The `installrs` command-line tool builds a self-contained installer
executable from an installer crate.

## Synopsis

```sh
installrs --target <dir> --output <file> [options]
```

## Flags

| Flag                       | Description                                                        |
| -------------------------- | ------------------------------------------------------------------ |
| `--target <dir>`           | Directory containing the installer source crate. Default: `.`      |
| `--output <file>`          | Output installer file path.

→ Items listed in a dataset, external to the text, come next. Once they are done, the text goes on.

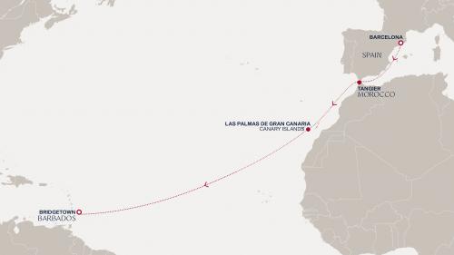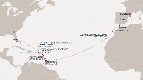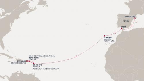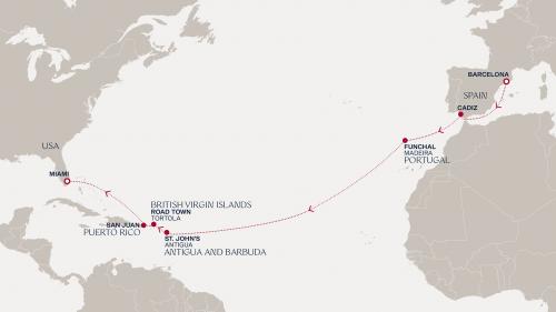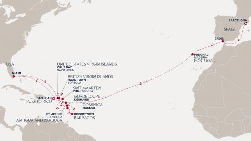 〈主要な寄港地〉 バルセロナ / カディス / フンシャル(マディラ島) / プンタレナス / ロードタウン / サンファン / マイアミ / ブリッジタウン / ロゾー / フィリップスバーグ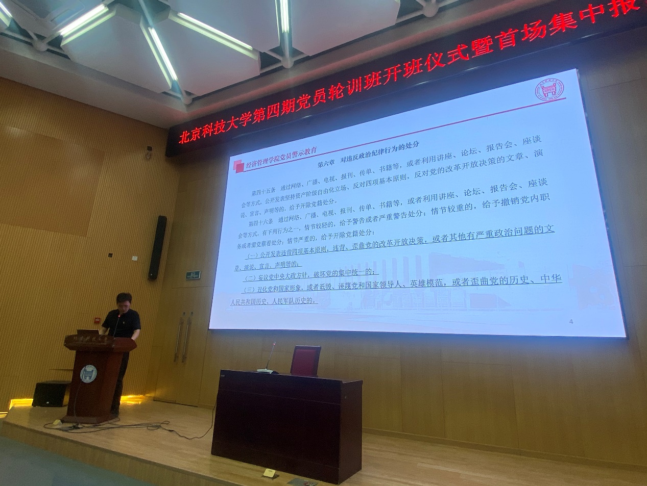 最后,学院党建辅导员张洪榛对学生党员进行警示教育,再次强调了党纪的重要性,提醒毕业生在今后要清醒面对环境,正确对待权力,谨慎社会交往,诚信科学研究,守住人生底线,要常怀一颗律己之心、常思贪欲之害。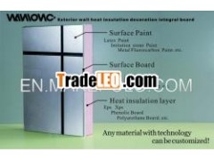 Heat insulation decoration integral board is a kind of newexterior wall thermal insulation material, because it has the gooddecoration effect, simple construction, can be used as a firebarrier material mainly phenolic foam board, rock wool, glass woolfoamed cement, etc..Thermal insulation decorative board is alsocalled energy-saving decorative board, is in the factoryprefabricated plate material, made of insulation materials anddecorative veneer composite material formed, used to hang in theouter wall of the building, while both the functions of heatinsulation and decoration.Also known as thermal insulationdecorative integration finished board, building envelope thermalinsulation energy-saving decorative board.
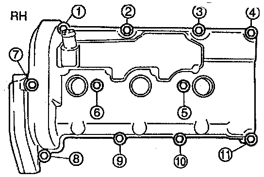 5. Retighten RH (5) (6) and LH (6) (7) cylinder head cover bolts.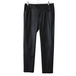 Lafayette 148 Cropped Pants Size 10 Black Leather Straight Leg High Rise Sleek

Default: `./installer`                 |
| `--compression <method>`   | Compression method for embedded files (default `lzma`)             |
| `--ignore <patterns>`      | Comma-separated glob patterns to ignore when gathering directories |
| `--target-triple <triple>` | Rust target triple for cross-compilation                           |
| `--feature <name>`         | Enable a user-library cargo feature (repeatable)                   |
| `-m` / `--metadata <K=V>`  | Override a `[package.metadata.installrs]` key (repeatable)         |
| `-v` / `-vv`               | Debug output / trace output                                        |
| `-q` / `--quiet`           | Suppress non-error output                                          |
| `-s` / `--silent`          | Suppress all output                                                |

## Environment variables

- `INSTALLRS_LOCAL_PATH=1`: For local development of InstallRS itself
  emits `installrs = { path = "..." }` in the generated `Cargo.toml`
  instead of depending on the published crate.

## Examples

Build an installer with defaults:

```sh
installrs --target my-installer --output installer
```

Cross-compile for Windows from Linux (requires mingw):

```sh
installrs --target my-installer --output installer.exe \
  --target-triple x86_64-pc-windows-gnu
```

Use gzip compression for faster builds at the cost of larger binaries:

```sh
installrs --target my-installer --output installer --compression gzip
```

Verbose build to see what files got embedded:

```sh
installrs --target my-installer --output installer -v
```

Enable user-library cargo features — gates `source!(..., features =
[...])` entries and activates matching `#[cfg(feature = "...")]` code
in your installer library:

```sh
installrs --target my-installer --feature pro --feature docs
```

Override individual `[package.metadata.installrs]` keys at build time
without touching `Cargo.toml` — handy for stamping CI-supplied version
strings or per-build values:

```sh
installrs --target . -m file-version="$(cat version.txt)" \
                     -m product-version="$(cat version.txt)" \
                     -m installer.file-description="My App Installer (CI)" \
                     -m gui=true \
                     -m language=0x0409
```

`KEY` is a dotted path into the metadata table (`file-version`,
`installer.file-description`, etc.). `VALUE` parses as TOML — `true` /
`false` become booleans, integers (decimal or `0x`-hex) become
integers, everything else stays a string. Overrides apply *after*
feature overlays and after the package-version fallback for
`file-version` / `product-version`, so they always win.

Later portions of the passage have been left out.